CoreLogic’s Cameron Kusher has released a research note looking at dwelling commencement trends across Australia’s various sub-components, which shows that risks are skewed towards high-rise construction:
The Australian Bureau of Statistics (ABS) recently released the quarterly Building Activity data for December 2018. The release is a treasure-trove of data and includes information on dwelling commencements, dwelling completions, dwellings under construction and dwellings approved for construction but not commenced. This release has published very valuable data on the number of units commenced by the number of storeys…
The most notable change in the landscape of dwelling commencements over recent years has been the lift in apartment starts and more recently their fall. The increase in higher density construction has primarily been driven by the three most populous states, or more specifically, the capital cities of each of those states. Over the past five years, every state and territory has seen unit commencements reach historic high levels, demonstrating a clear shift towards higher density development (that isn’t to say that detached housing construction hasn’t also climbed significantly over the period).
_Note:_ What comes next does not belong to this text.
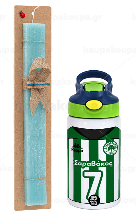 Παναθηναϊκός εμφάνιση, Πασχαλινή Λαμπάδα με Παιδικό παγούρι θερμό, ανοξείδωτο, με καλαμάκι ασφαλείας, πράσινο/μπλε (350ml) & κερί αρωματικό πλακέ (30cm) (ΤΙΡΚΟΥΑΖ)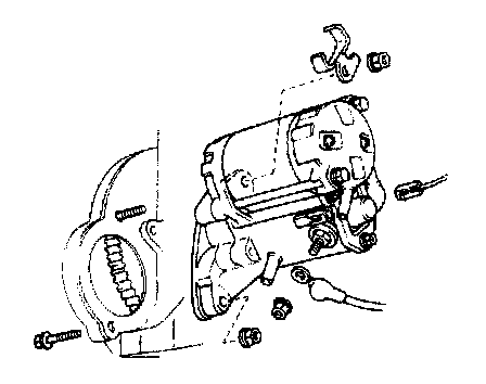 4. Remove the nut and bolt, and remove the starter motor from the flywheel bellhousing.

More recently, as the housing market has turned and values have started to fall we can see there is a reduced preparedness of developers to commence new projects. We would expect that commencements, particularly for units, are likely to continue to trend lower over the coming quarters as housing values continue to record value falls, finance remains tight, and both domestic and foreign investors remain light on the ground.
In the latest Building Activity release the ABS published a further breakdown of annual unit commencements by the height of the building. While the number of commencements has climbed significantly over recent years, it is interesting to note that commencements of units in a 1-3 storey block has been relatively steady. Anecdotally, the demand/supply ratio of medium density dwellings remains much healthier relative to high density products.
Conversely, there has been significant increases in commencements of taller buildings over recent years with commencements now beginning to ease. This reflects both the unit construction boom and also the fact that as the cost of acquiring sites has increased developers have sought approvals for taller buildings in an effort to maximise their yield and to recoup acquisition costs and maximise profits.
With dwelling commencements expected to continue to fall, the decline doesn’t negate the fact that many developers have paid high prices to acquire sites. As a result we would expect that despite an expectation of fewer commencements going forward, those projects that do commence will largely be taller apartment projects.
Notwithstanding that expectation, larger projects are generally riskier for the developer and achieving sufficient presales to commence a project is more of a challenge when there are more units to sell. In order to maintain profitability of projects it is highly likely that as values continue to decline that dwelling
commencements will continue to fall.